--- Source records Enclosed Below ---

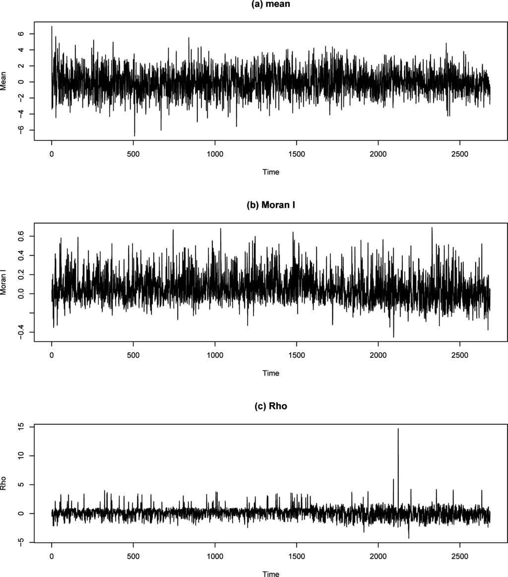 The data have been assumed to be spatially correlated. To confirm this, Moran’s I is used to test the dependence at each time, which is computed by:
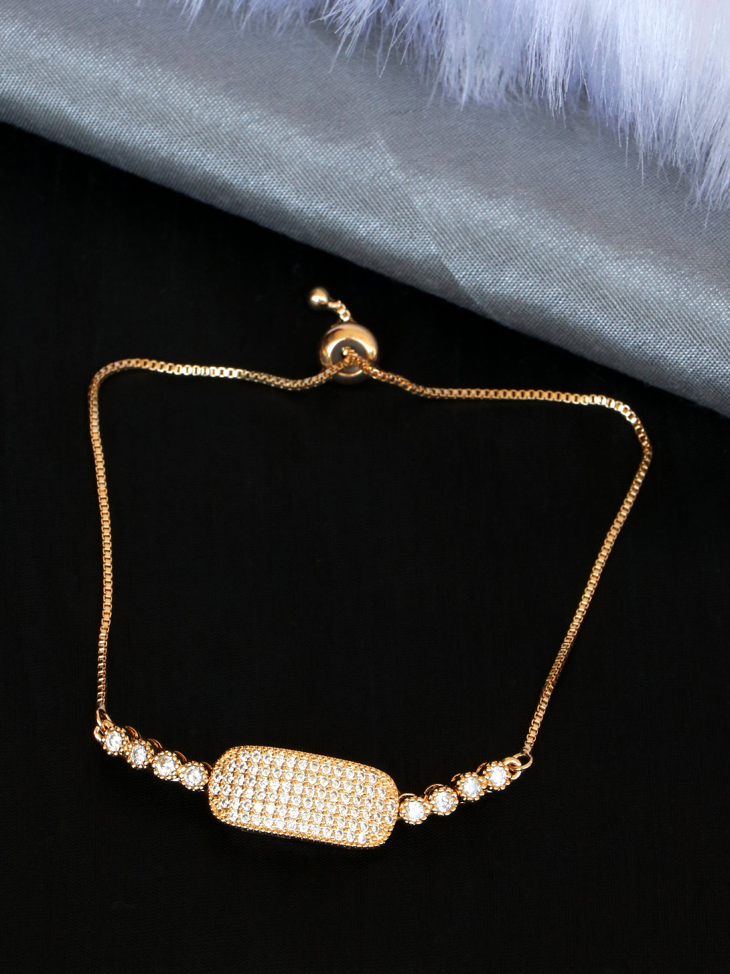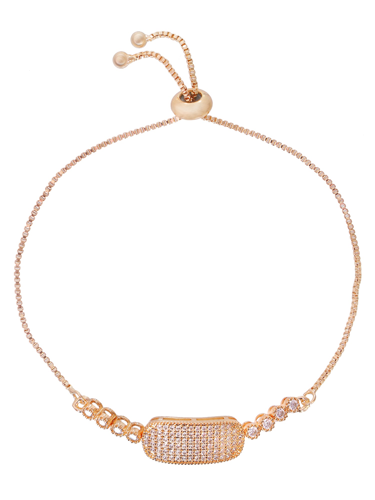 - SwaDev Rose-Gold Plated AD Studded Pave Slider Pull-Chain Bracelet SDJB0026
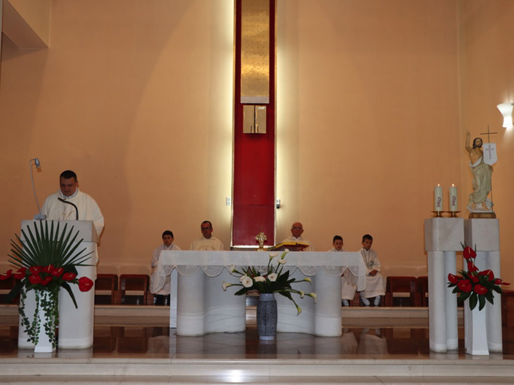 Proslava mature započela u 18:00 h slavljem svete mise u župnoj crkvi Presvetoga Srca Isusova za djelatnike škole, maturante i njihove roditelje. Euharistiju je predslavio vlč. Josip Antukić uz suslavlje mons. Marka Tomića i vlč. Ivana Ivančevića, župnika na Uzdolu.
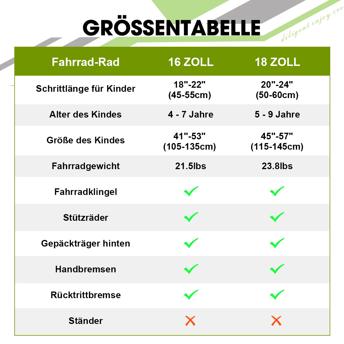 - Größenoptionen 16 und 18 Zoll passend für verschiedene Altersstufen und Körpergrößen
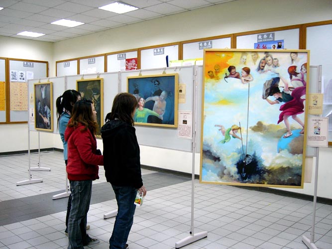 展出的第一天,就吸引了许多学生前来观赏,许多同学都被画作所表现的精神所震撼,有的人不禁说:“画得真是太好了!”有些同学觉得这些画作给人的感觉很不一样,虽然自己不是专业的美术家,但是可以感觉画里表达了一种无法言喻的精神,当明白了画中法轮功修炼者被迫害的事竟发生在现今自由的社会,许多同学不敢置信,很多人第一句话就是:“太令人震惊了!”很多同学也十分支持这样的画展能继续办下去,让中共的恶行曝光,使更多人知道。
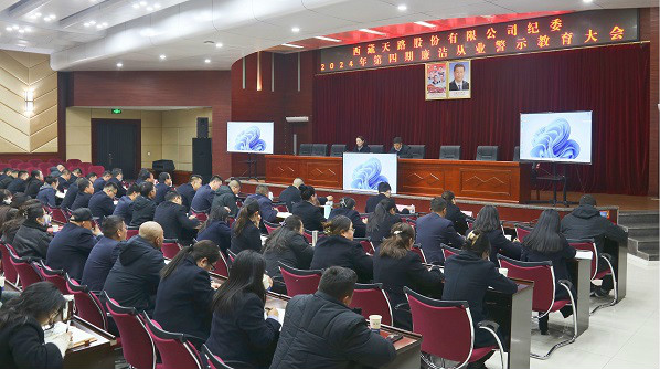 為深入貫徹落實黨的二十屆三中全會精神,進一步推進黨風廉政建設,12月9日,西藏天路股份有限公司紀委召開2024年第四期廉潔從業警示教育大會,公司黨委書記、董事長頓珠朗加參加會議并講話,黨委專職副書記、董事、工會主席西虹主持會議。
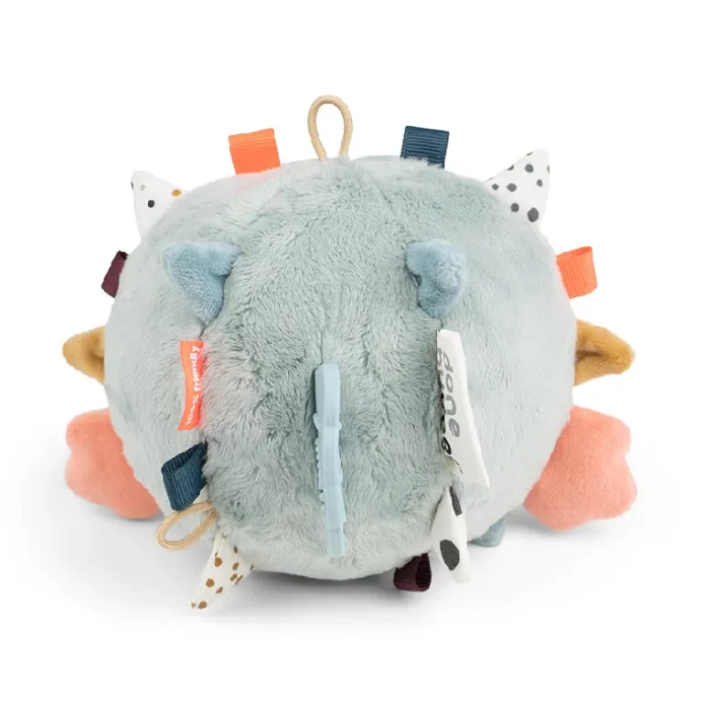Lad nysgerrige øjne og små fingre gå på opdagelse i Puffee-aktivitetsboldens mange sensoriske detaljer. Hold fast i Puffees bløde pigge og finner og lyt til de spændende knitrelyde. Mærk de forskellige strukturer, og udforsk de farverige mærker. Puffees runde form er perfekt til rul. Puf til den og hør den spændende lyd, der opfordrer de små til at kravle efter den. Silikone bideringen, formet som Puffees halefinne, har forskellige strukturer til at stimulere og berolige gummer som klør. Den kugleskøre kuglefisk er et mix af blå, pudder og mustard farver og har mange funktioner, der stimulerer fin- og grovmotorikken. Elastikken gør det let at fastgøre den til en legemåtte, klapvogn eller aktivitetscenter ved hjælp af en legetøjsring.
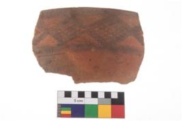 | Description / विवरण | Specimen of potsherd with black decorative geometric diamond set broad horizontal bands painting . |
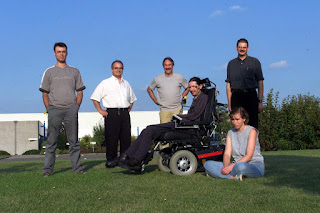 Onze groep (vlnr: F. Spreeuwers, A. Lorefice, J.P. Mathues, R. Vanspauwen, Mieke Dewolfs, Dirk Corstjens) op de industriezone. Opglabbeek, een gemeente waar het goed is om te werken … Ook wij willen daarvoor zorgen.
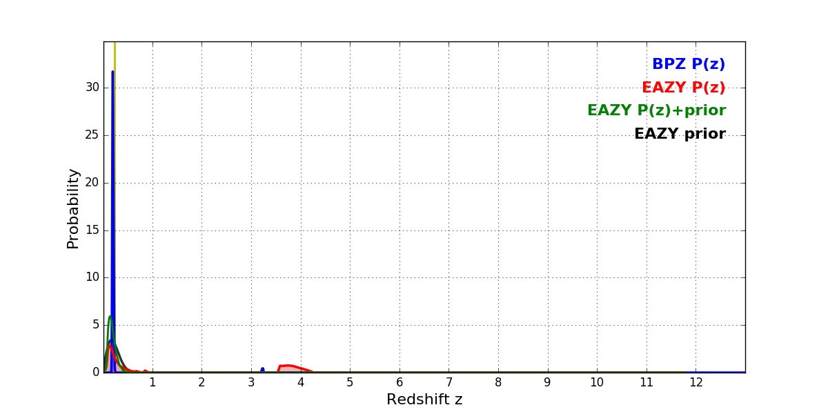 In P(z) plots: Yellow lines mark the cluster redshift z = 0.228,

--- End of Enclosed Source records ---

→ **Action item**: Please copy out from the data above, without any picture, exactly the lines running from the one that holds "- Größenoptionen 16" through the one that holds "為深入貫徹落實黨的二十屆三中", and nothing beyond them.

→ **Your response**:
 - Größenoptionen 16 und 18 Zoll passend für verschiedene Altersstufen und Körpergrößen
 展出的第一天,就吸引了许多学生前来观赏,许多同学都被画作所表现的精神所震撼,有的人不禁说:“画得真是太好了!”有些同学觉得这些画作给人的感觉很不一样,虽然自己不是专业的美术家,但是可以感觉画里表达了一种无法言喻的精神,当明白了画中法轮功修炼者被迫害的事竟发生在现今自由的社会,许多同学不敢置信,很多人第一句话就是:“太令人震惊了!”很多同学也十分支持这样的画展能继续办下去,让中共的恶行曝光,使更多人知道。
 為深入貫徹落實黨的二十屆三中全會精神,進一步推進黨風廉政建設,12月9日,西藏天路股份有限公司紀委召開2024年第四期廉潔從業警示教育大會,公司黨委書記、董事長頓珠朗加參加會議并講話,黨委專職副書記、董事、工會主席西虹主持會議。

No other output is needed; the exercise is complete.